でも、幅広いキャラクターがそろっていれば、自分の求めているものに合う関係性や性格を選び自分だけのチームを組むことができます。
──あえて関係性が良好ではない人物と任務に出撃する楽しみもありそうです。
スカイ氏:
チームを組んだあとは、その“管理”がゲームの大部分になります。彼らは互いに、あるいはあなたと意見が食い違うこともあるのです。全員を同じチームに、同じ方向へまとめる。そこも本作の遊びです。
常に幅広い選択肢を用意して、それを自由に組み合わせて楽しんでもらう。『エクソダス』は、そういう作り方をしています。
──最後に『エクソダス』を楽しみにしている日本のみなさんへメッセージをお願いします。
スカイ氏:
これほど長いあいだ取り組んできたものを、ようやくみなさんに見ていただける。それが、本当に楽しみです。
チームは『エクソダス』にたくさんの心と魂、努力と時間、そして愛を注いできました。私たちがこのゲームを愛しているのと同じくらい、みなさんにも愛してもらえたら嬉しいです。
カーピシン氏:
私自身も、チームの多くのメンバーも、日本の文化やエンターテインメントの大ファンです。
だからこそ、こうして日本に来られたことをとても光栄に思っています。ぜひ、『エクソダス』を遊んでみてください。
──ありがとうございました!(了)
振り返れば、人は人生においてどこまでも「選択」を積み重ねつづけている。
今日この日に胃袋へ納めるただ一食の糧ですら、己の意志を刻みつける分岐点だ。
「右か、左か」「与えるか、奪うか」「生きるか、潰えるか」
そんな途方もない数の決断と切り捨ての末、幾千の可能性の死骸を踏み越えて到達した「極限の今」に、我々という存在は立っている。

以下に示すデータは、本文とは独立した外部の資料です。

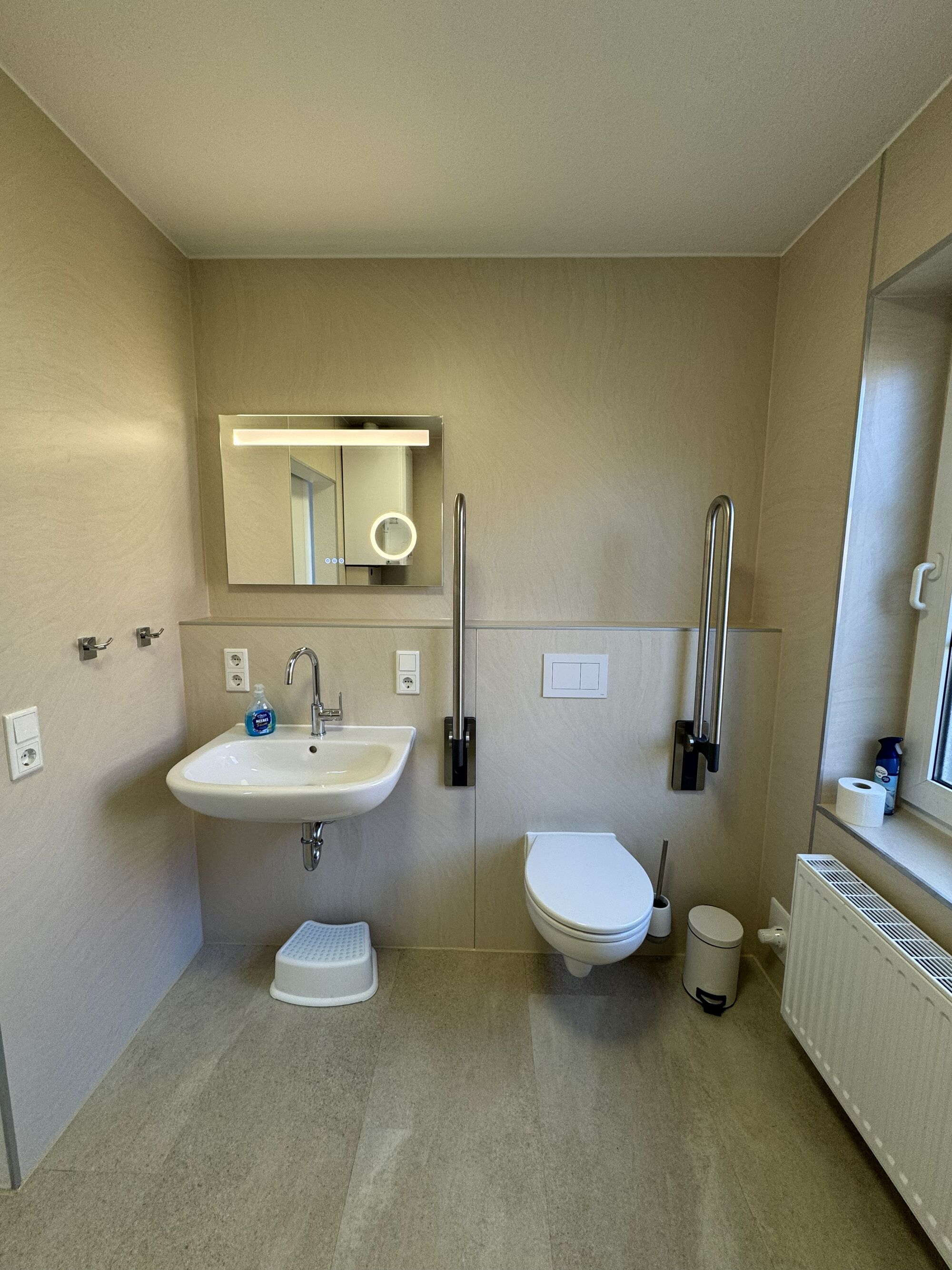 Das Bad im Erdgeschoss ist barrierearm und komplett stufenfrei ausgestattet:

筆者はかつて遥か銀河の彼方で救世の艦長として星々を巡り、あるいは傷だらけの英雄としてふるい立った。その日々の記憶が『エクソダス』を遊んでよみがえった。
自らの手で運命の舵を切り、その結果として描かれる世界を噛み締めること。
それこそが、この果てしない宇宙を歩む者だけに与えられた至高の歓喜にほかならない。
選び取った一筋の光の背後で無数の未来が闇に消えていこうとも、己が意志で道を切り拓くその痛切な胸の高鳴りこそが、「選択するゲーム」という体験がもたらす最大の祝福なのだと思う。

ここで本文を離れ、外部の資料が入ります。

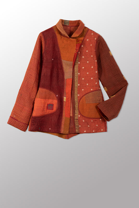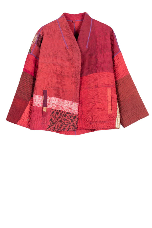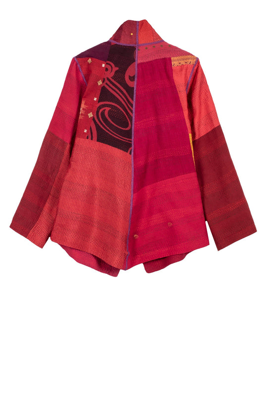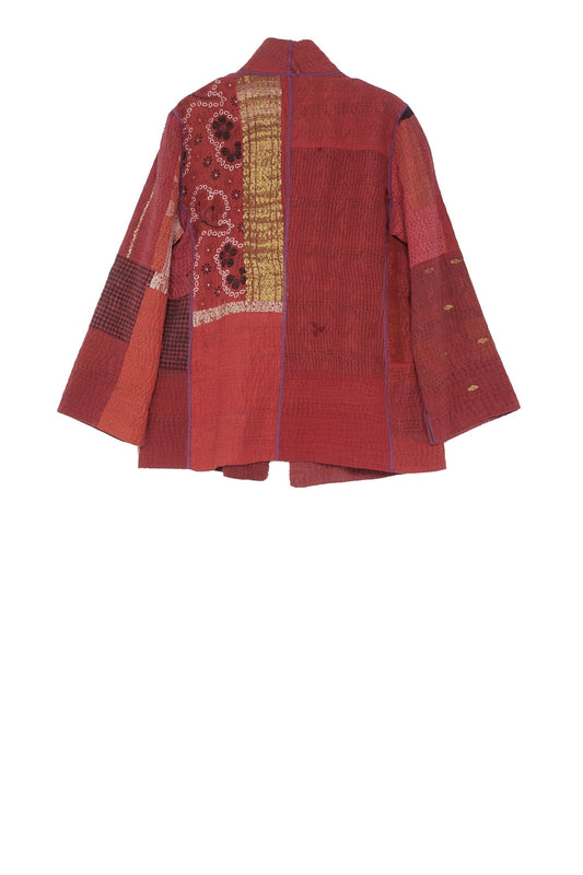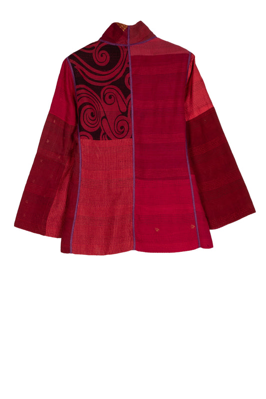 COTTON SILK SW PATCH KANTHA WING COLLAR JACKET - ws2013-red -

「選択すること」の楽しさが、たしかに『エクソダス』には存在する。
Archetype Entertainmentが開発し、Wizards of the Coastが販売する新作RPG『エクソダス』はPC(Steam、Epic Games Store)、PS5、Xbox Series X|S向けに2027年4月7日発売予定だ。